Speaking of political communication, in the coming weeks, I will present you, my gentle readers, with a couple of outstanding examples thereof…

Clicking the image will take you to my flickr account.

15-2-06

Cheney got a gun…

Now look at this, David Ignatius, writing in the Washington Post – a paper characterised by some as the upscale PR office of this American administration (just look at how the arrogance claim comes coupled with “the most righteous politians”) – invokes An Arrogance of Power to explain the Dick Cheney’s silence after the shooting accident.

There is a temptation that seeps into the souls of even the most righteous politicians and leads them to bend the rules, and eventually the truth, to suit the political needs of the moment. That arrogance of power is on display with the Bush administration.

The most vivid example is the long delay in informing the country that Vice President Cheney had accidentally shot a man last Saturday while hunting in Texas. For a White House that informs us about the smallest bumps and scrapes suffered by the president and vice president, the lag is inexplicable. But let us assume the obvious: It was an attempt to delay and perhaps suppress embarrassing news. We will never know whether the vice president’s office would have announced the incident at all if the host of the hunting party, Katharine Armstrong, hadn’t made her own decision Sunday morning to inform her local paper.

Clearly, from a PR standpoint this incident was handles in the worst possible way. But this is not some straw breaking a Cheney’s back, this is a Trent Lott moment. We’ll see soon enough.

Speaking of straws… this might be one (via Brad DeLong).

15-2-06

Shooting Intentionally.

Seriously, I’m starting to think that the US Vice President Cheney might have to step down because of the shooting accident… just look at the quote from Yahoo! News -

WASHINGTON – Vice President
Dick Cheney apparently broke the No. 1 rule of hunting: be sure of what you’re shooting at. …
Hunting safety experts interviewed Monday agreed it would have been a good idea for Whittington to announce himself – something he apparently didn’t do, according to a witness. But they stressed that the shooter is responsible for knowing his surroundings and avoiding hitting other people.”

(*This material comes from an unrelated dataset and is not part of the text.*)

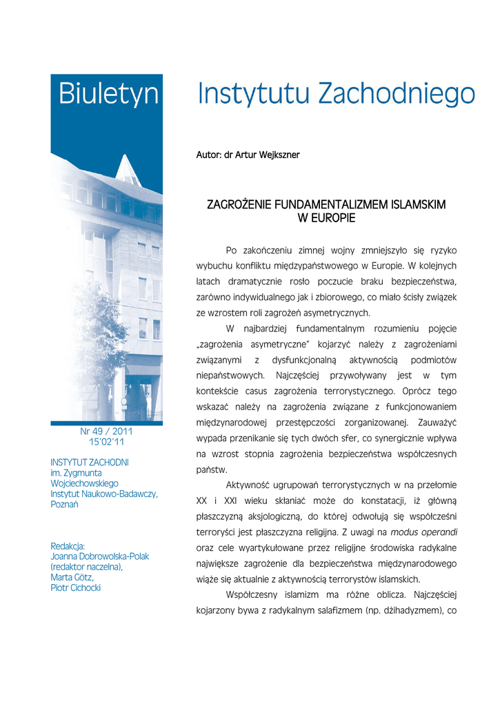 Autor: dr Artur Wejkszner ZAGROŻENIE FUNDAMENTALIZMEM ISLAMSKIM W EUROPIE Po zakończeniu zimnej wojny zmniejszyło się ryzyko wybuchu konfliktu międzypaństwowego w Europie. W kolejnych latach dramatycznie rosło poczucie braku bezpieczeństwa, zarówno indywidualnego jak i zbiorowego, co miało ścisły związek ze wzrostem roli zagrożeń asymetrycznych. W najbardziej fundamentalnym rozumieniu pojęcie „zagrożenia asymetryczne” kojarzyć należy z zagrożeniami związanymi z niepaństwowych. dysfunkcjonalną Najczęściej aktywnością przywoływany podmiotów jest w tym kontekście casus zagrożenia terrorystycznego. Oprócz tego wskazać należy na zagrożenia związane z funkcjonowaniem Nr 49 / 2011 15„02„11 INSTYTUT ZACHODNI im. Zygmunta Wojciechowskiego Instytut Naukowo-Badawczy, Poznań międzynarodowej przestępczości zorganizowanej. Zauważyć wypada przenikanie się tych dwóch sfer, co synergicznie wpływa na wzrost stopnia zagrożenia bezpieczeństwa współczesnych państw. Aktywność ugrupowań terrorystycznych w na przełomie XX i XXI wieku skłaniać może do konstatacji, iż główną płaszczyzną aksjologiczną, do której odwołują się współcześni terroryści jest płaszczyzna religijna. Z uwagi na modus operandi Redakcja: Joanna Dobrowolska-Polak (redaktor naczelna), Marta Götz, Piotr Cichocki oraz cele wyartykułowane przez religijne środowiska radykalne największe zagrożenie dla bezpieczeństwa międzynarodowego wiąże się aktualnie z aktywnością terrorystów islamskich. Współczesny islamizm ma różne oblicza. Najczęściej kojarzony bywa z radykalnym salafizmem (np. dżihadyzmem), co uznać należy za nadużycie wynikające z niewiedzy lub islamofobii. W literaturze przedmiotu używanych jest wiele terminów przybliżających w mniejszym lub większym stopniu odpowiedź na pytanie o jego istotę. Badacze problematyki wskazują np. na fundamentalizm islamski, islam polityczny czy radykalny islam, abstrahując często od głębszego wytłumaczenia tych pojęć. Wielu autorów, m.in. Daniel Pipes, uważa, iż islamizm jest kolejnym przykładem manifestacji radykalnych utopijnych ideologii czego w szczególności Europa doświadczała już w wieku XX. Ta generalizacja nie jest jednak uzasadniona. Poprzez termin „islamizm” (lub jego synonim w postaci „islamskiego aktywizmu”1) należy rozumieć bowiem islamski ruch polityczny, którego członkowie głoszą określony zespół poglądów dotyczących relacji społeczno-politycznych w społeczeństwach muzułmańskich oraz promują określone sposoby wprowadzenia ich w życie (niekoniecznie w oparciu o użycie przemocy). Radykalne grupy islamistyczne, w tym grupy dżihadystów stanowią jedynie niewielką część całego spektrum islamskiego aktywizmu we współczesnym świecie. Duża część ugrupowań islamistycznych, działających w ramach tzw. nurtu salafickiego walczy z lokalnymi świeckimi reżimami w państwach muzułmańskich o zmianę ustroju społeczno-politycznego i wprowadzenie w życie reguł prawa islamskiego, najczęściej środkami pokojowymi. Ruch odrodzenia islamu, a więc tzw. ruch salaficki jest zróżnicowany wewnętrznie. Zdecydowanie dominują zorientowane na realizowanie pokojowe w nim grupy swych planów polityczno-religijnych. Radykalne środowiska islamistyczne stanowią poważne wyzwanie dla Unii Europejskiej sensu largo i rządów poszczególnych państw członkowskich sensu stricto. Wyzwanie to związane jest z istnieniem kilku istotnych płaszczyzn funkcjonowania islamistycznych środowisk w Europie. Wśród nich warto zwrócić uwagę na pięć podstawowych. 1 Por. Thomas Hegghammer, Global Jihadism after the Iraq War, “Middle East Journal” Vol. 60, No. 1, Winter 2006, s. 11. Biuletyn Instytutu Zachodniego • www.iz.poznan.pl 2 1. Działalność propagandowo-indoktrynacyjna. 2. Aktywizm islamistyczny. 3. Kryminalizacja aktywności islamistycznej. 4. Rekrutacja członków komórek terrorystycznych. 5. Aktywność terrorystyczna. Działalność propagandowo-indoktrynacyjna związana jest z promocją określonego światopoglądu przez środowiska islamistyczne. Mając na uwadze wskazane wyżej szerokie spektrum poglądów promowanych w ramach tzw. ruchu odnowy islamu warto skupić się (z uwagi na wysoki poziom zagrożenia ze strony tej grupy dżihadystycznych. radykalnej) na Współczesna aktywności działalność środowisk propagandowa podejmowana przez powyższą grupę kojarzona jest z tzw. e-dżihadem. Jej wyróżnikiem jest wykorzystywanie kanałów elektronicznych, dzięki którym dżihadyści mają możliwość efektywnego dotarcia ze swymi poglądami do szerokiej rzeszy muzułmanów w Europie (i rzecz jasna poza nią). Znaczenie tego typu działań wiąże się ściśle ze najistotniejszymi funkcjami ideologii dżihadystycznej, o których wspominał m.in. A. Moghadam (chodzi w tym wypadku o funkcje: wyjaśniającą, diagnostyczną, tworzenia tożsamości grupowej i wskazywania konkretnych sposobów działania). Generalizacje dotyczące tego sposobu funkcjonowania islamistów są niezmierne trudne. Istnieje bowiem spora grupa ideologów dżihadyzmu (William McCants w swoim „Atlasie ideologów dżihadystycznych” wspomina o ok. 80 z nich), która z roku na rok poszerza się o nowe osoby mające coraz większe wpływy także w Europie. W ostatnich kilku latach wielką popularność zwłaszcza wśród islamistów posługujących się językiem angielskim zdobył urodzony w USA Anwar al-Awlaki (kojarzony z Al-Kaidą na Półwyspie Arabskim). Aktywizm islamistyczny wiąże się ściśle z wykorzystywaniem swobód religijnych czy politycznych do działalności mającej na celu wzbudzenie postaw antyzachodnich, antyliberalnych, antydemokratycznych, antychrześcijańskich, Biuletyn Instytutu Zachodniego • www.iz.poznan.pl 3 a więc negujących w istocie cywilizacyjny dorobek społeczeństw europejskich. Prym w takiej działalności wiodły

Posing as a tough guy while not being able to shoot straight is something I imagine doesn’t go down well with a significant part of the VP’s constituency… it would be a blow to the administration, of course, but it’s just the kind of thing that cannot happen to a White House already on the defense. Sure, the President has been a little less under fire lately, after all, he pledged to spend the equivalent of about 3 hours of Iraq-money on figuring out a way how reduce the American dependency on oil. But still, with the positioning for the next race already in full swing, this is just the kind of thing that a President cannot afford.

While Cheney stepping down over this would prove each and every prejudice about the irrationality of US public discourse right, you’d just have to admire the irony – he’s been an active part of an administration which, slowly even by their own account, has been busy shooting without knowing what they were shooting at for the last 4 years. And now that did not intend to do that for once he’s actually hitting someone – and, in a way, himself, of course.